The first part of this question I thought was pretty easy. It was:
The random variables $X_1,X_2,…$ are independent and identically distributed with the Probability Mass Function
$Pr(X=−1)=Pr(X=3)=0.5$
Find the mean: $-1*0.5+3*0.5=1$
Find the Variance: $((-1)^2*0.5+3^2*0.5)-E[X]^2=5-1=4$
Now for the second part, I am asked:
a) For the case $n=200$ use the Central Limit Theorem to approximate the probability $Pr(ln(\bar X>0)$, where: $$\bar X=(1/200)\sum_{i=1}^{200} X_i $$
is the sample mean and ln denotes the natural logarithm (i.e., logarithm with base e).
b) Find the minimum n for which: $$Pr(\sum_{i=1}^n X_i>190)>0.99$$
I am really struggling when using the central limit theorem as my teacher has not explained it to me very well. I find this question especially hard due to the ln in the probability for part a. And also finding the minimum value in part b as we have not been taught this. Could anyone help by providing useful links to help me solve these or work them through with me? Any help would be massively appreciated. Thank you!

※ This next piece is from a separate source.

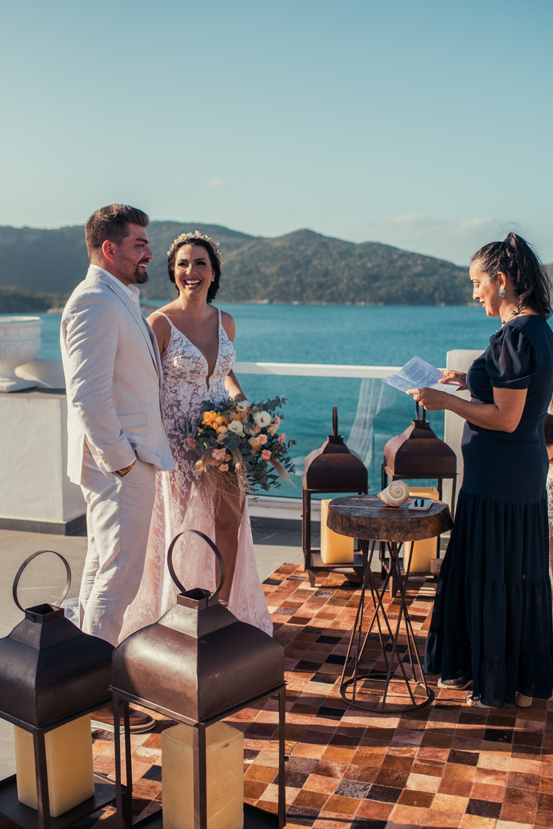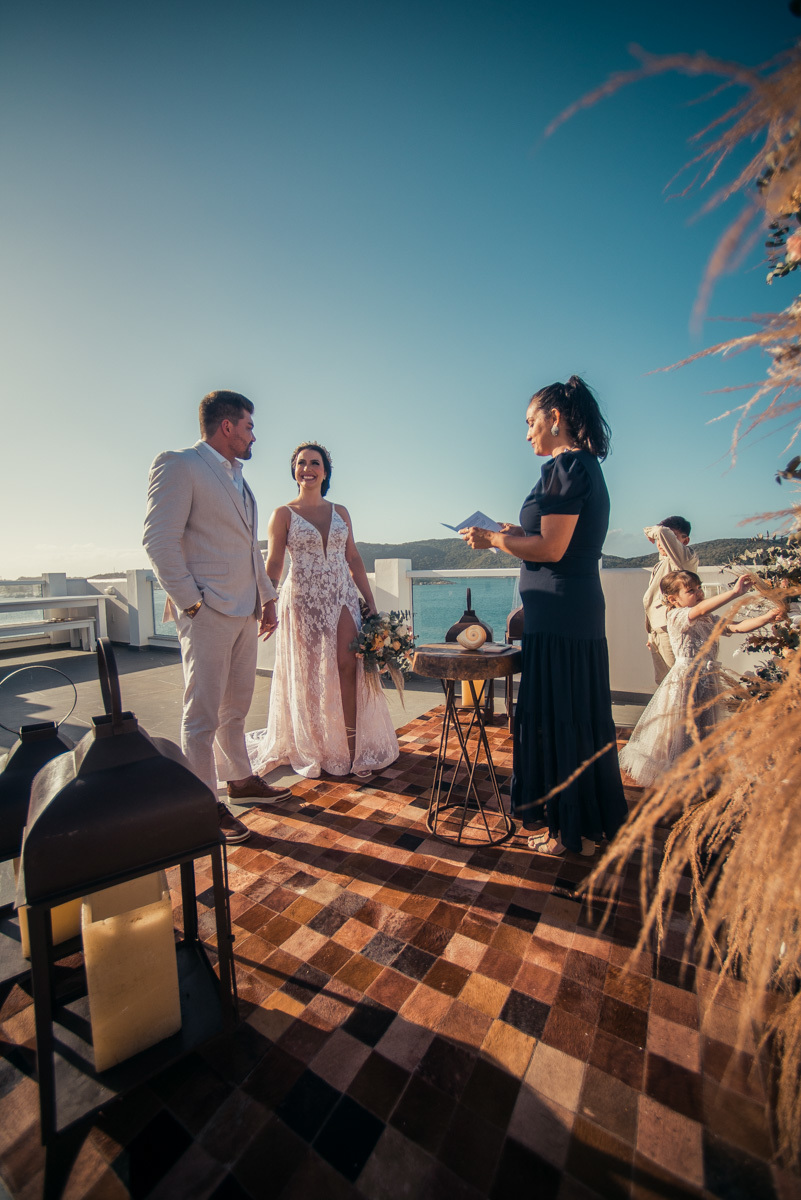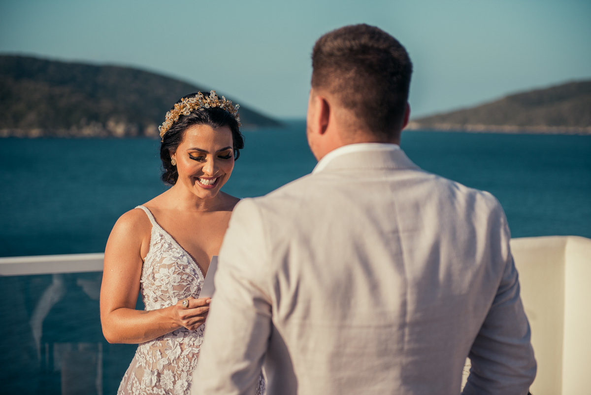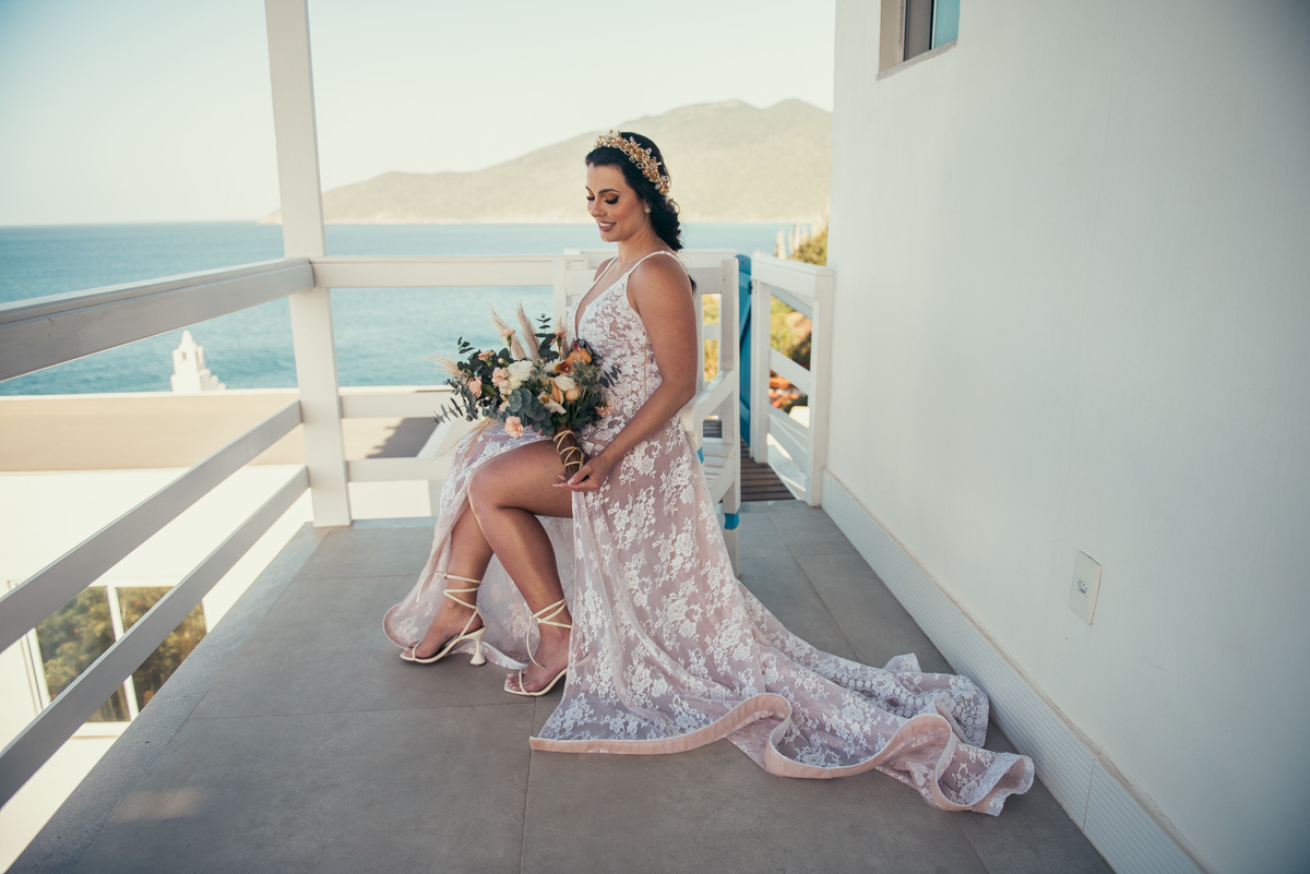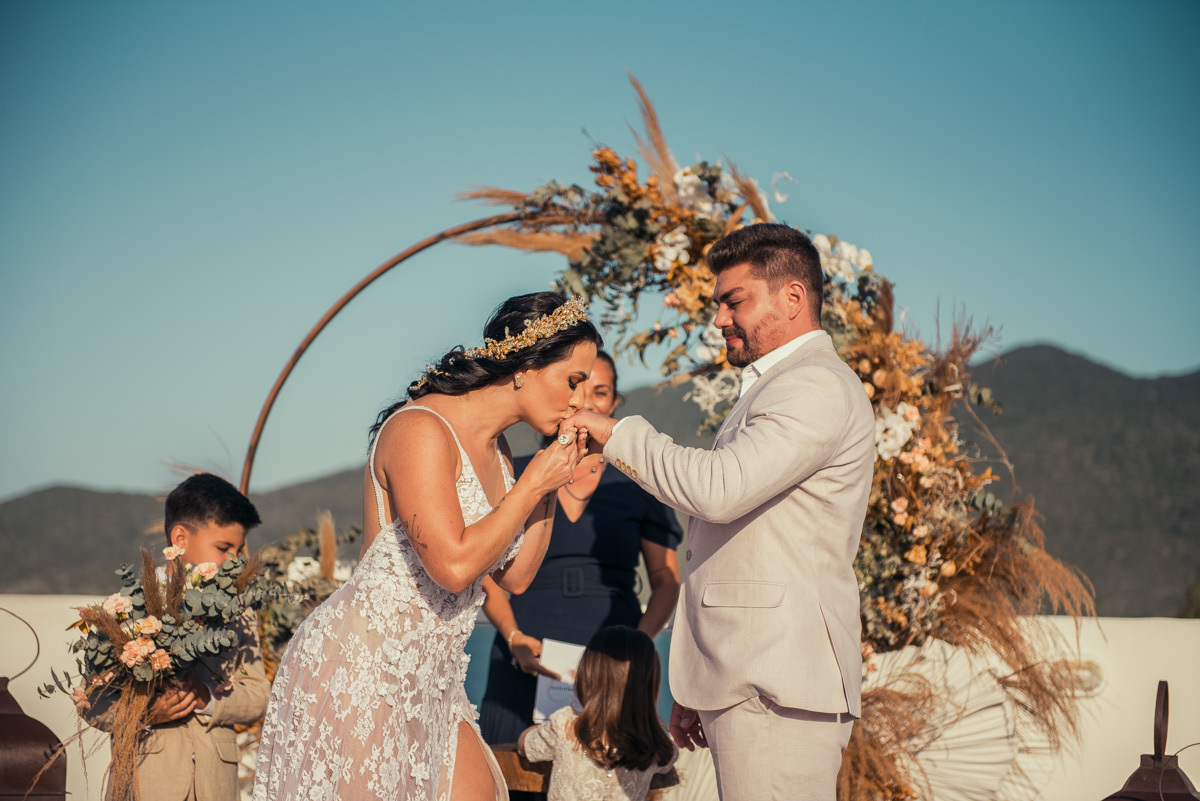 Nas casas gregas de Arraial, com o branco contrastando com o azul do céu e o mar ao fundo, Ana e Luis escolheram um cenário luminoso para celebrar o casamento. O dia estava aberto, de sol intenso, destacando ainda mais a beleza marcante dos dois — daqueles casais que parecem ter saído de um editorial.

First of all $\overline X$ is approximately distributed as $\overline X\sim \mathcal N(\mu,\frac{\sigma^2}{n})= \mathcal N(1,\frac{4}{200})$. The expected value of $\overline X$ is the same as for $X_i$. But the variance of $\overline X$ is the variance of $X_i$ divided by $n$.

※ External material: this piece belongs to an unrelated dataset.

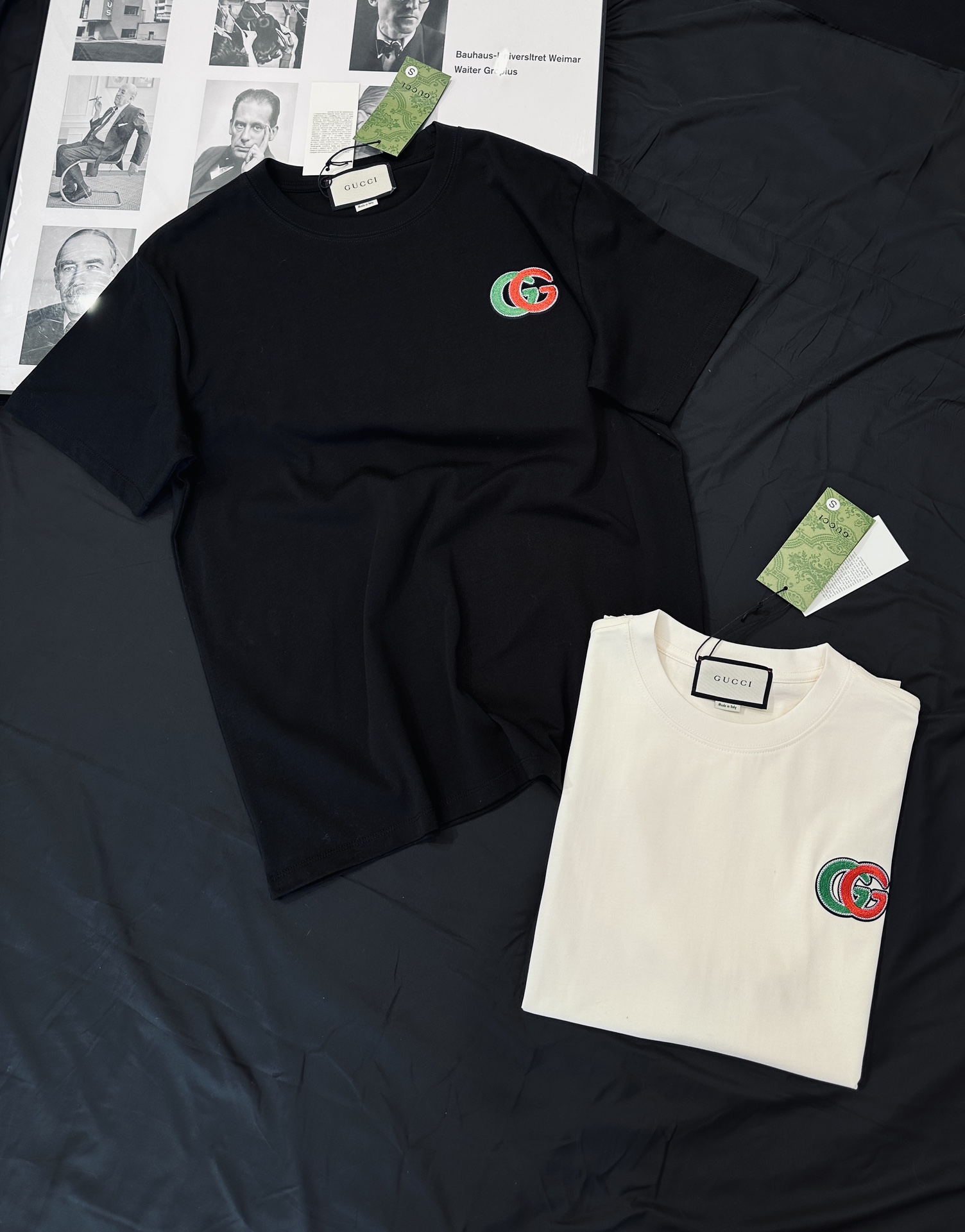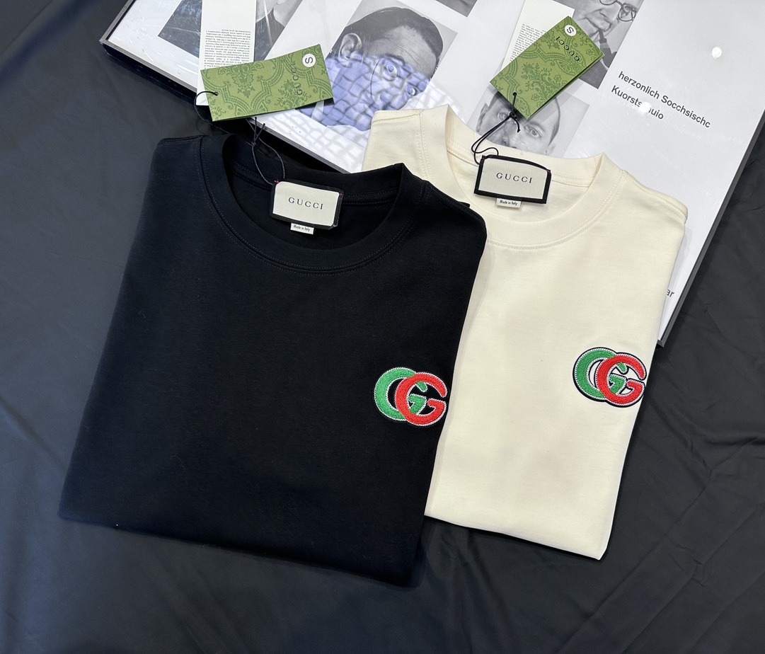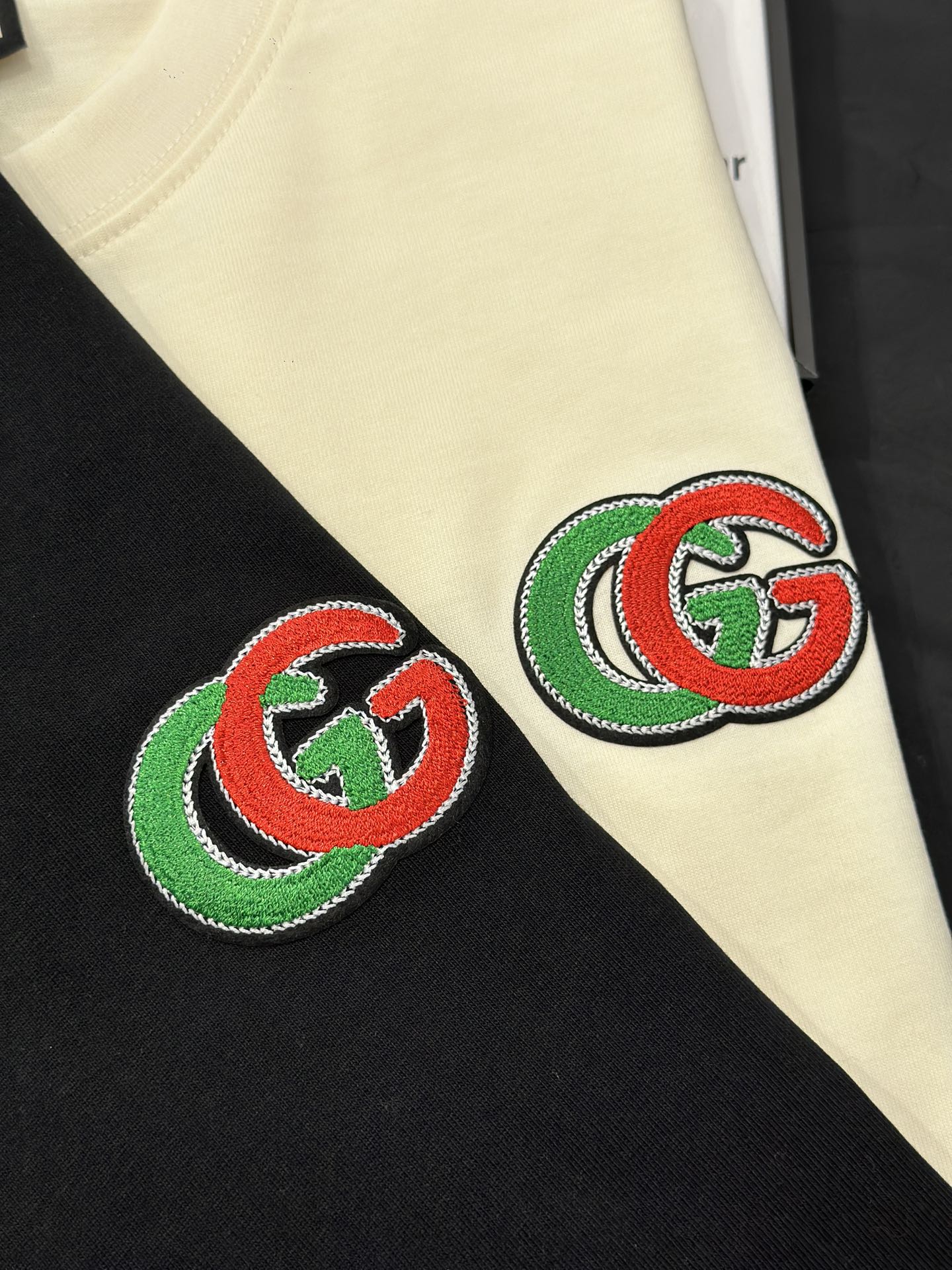 GUCCI (グッチ) 芸能人 スーパーコピー レッドグリーンロゴプリントオシャレカジュアルTシャツ

Then we have to evaluate how $\ln\left( \overline X\right)$ is distributed with $\ln(X)=Y$
$\approx P\left(\ln\left( \overline X\right)\leq y \right)=P\left( \overline X\leq e^y \right)=\Phi\left(\frac{e^y-1}{\sqrt{\frac{4}{200}}} \right)$
Thus $P \left(\ln(\overline X)>0\right)= P(Y>0)=1-P(Y<0)=1-\Phi\left(\frac{e^0-1}{\sqrt{\frac{4}{200}}} \right)=...$
For b) the sum is approximately distributed as $S_n=\sum_{i=1}^n X_i \sim N(n\cdot \mu, n\cdot \sigma^2)=N(n\cdot 1, 4n)$ Thus the inequality is
$$P(S_n>190)=1-P(S_n<190)\approx 1-\Phi\left(\frac{190-n}{\sqrt{4n}} \right)>0.99$$
$$0.01>\Phi\left(\frac{190-n}{\sqrt{4n}} \right)$$
$$ \Phi^{-1}(0.01)>\frac{190-n}{\sqrt{4n}}$$
$$-2.326>\frac{190-n}{2\sqrt{n}}$$
$$-4.652\sqrt n>190-n$$
$$n-4.652\sqrt n-190>0$$
With $\sqrt n=x$ we get a quadratic inequality: $x^2-4.652x-190>0$. Solve this inequality and take the positive solution. Then square that value to obtain $n^*$.